Since I previously ran the script with some errors, I already have .npmrc - the “clear cache and deploy site” button doesn’t seem to delete the existing .npmrc file.

after a few more tries, and console.logging, I see that npmrc is overriden on each build, setting the registry back to the default npm registry //registry.npmjs.org/:_authToken=… my token is correct here, but the file is overridden with the default npm registry.

Also, writing the file without the if check and spawning yarn again just triggers an infinite loop, so I have to cancel the deploy

I think the easiest thing to do, if the netlify team would be kind enough :pray::pray::pray: would be to introduce a special NPM_RC variable with the contents to be persisted in the .npmrc file.

@radu, I’d be happy to create a feature request for this. Before I do so, I want to be 100% sure your expectations for the feature. Also, I want to see if there is one more way to workaround this.

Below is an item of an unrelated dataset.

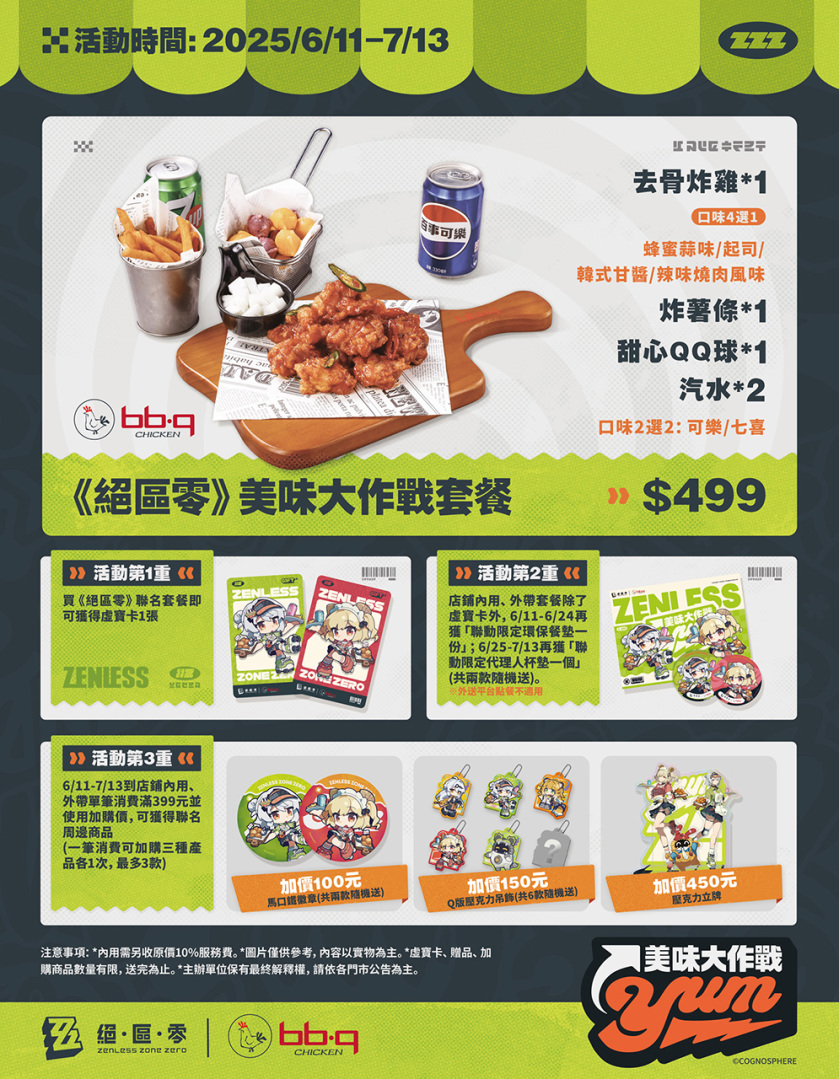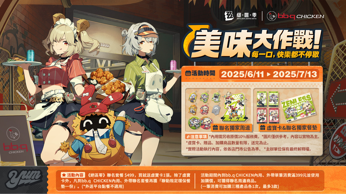 本次活動將自 6 月 11 日至 7 月 13 日於全台所有 bb.q CHICKEN 門市進行。同時,全台將有三間 bb.q CHICKEN 搖身一變為《絕區零》「美味大作戰」主題門市,讓繩匠在享用美味的炸雞同時,還能欣賞期間限定的《絕區零》主題佈景哦!
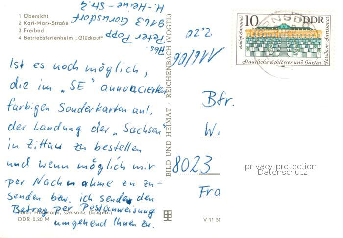 73750977 alte Postkarte Gornsdorf Panorama Karl Marx Strasse Freibad Betriebsferienheim Glueckauf postalisch gelaufen Erhaltung siehe scans [WerneD78] KatCode: 11110014188090

Regarding the solution, if I understand correctly (and if I’m wrong please let me know), the solution would work like this:

  • the NPM_RC file would be defined in the Netlify UI
  • at build and deploy time, Netlify will copy the contents of this environment variable into the .npmrc file
  • this can then be used by npm install during the dependency install phase of the build and deploy

Regarding the workaround, it should be possible to manually do this now. Possibly by echoing the contents of the environment variable to this file in the build commands and then re-running the npm install.

Would you confirm if the feature request description above matches your requirements? Also, if you do test the workaround above, please let us know if it works for you or not.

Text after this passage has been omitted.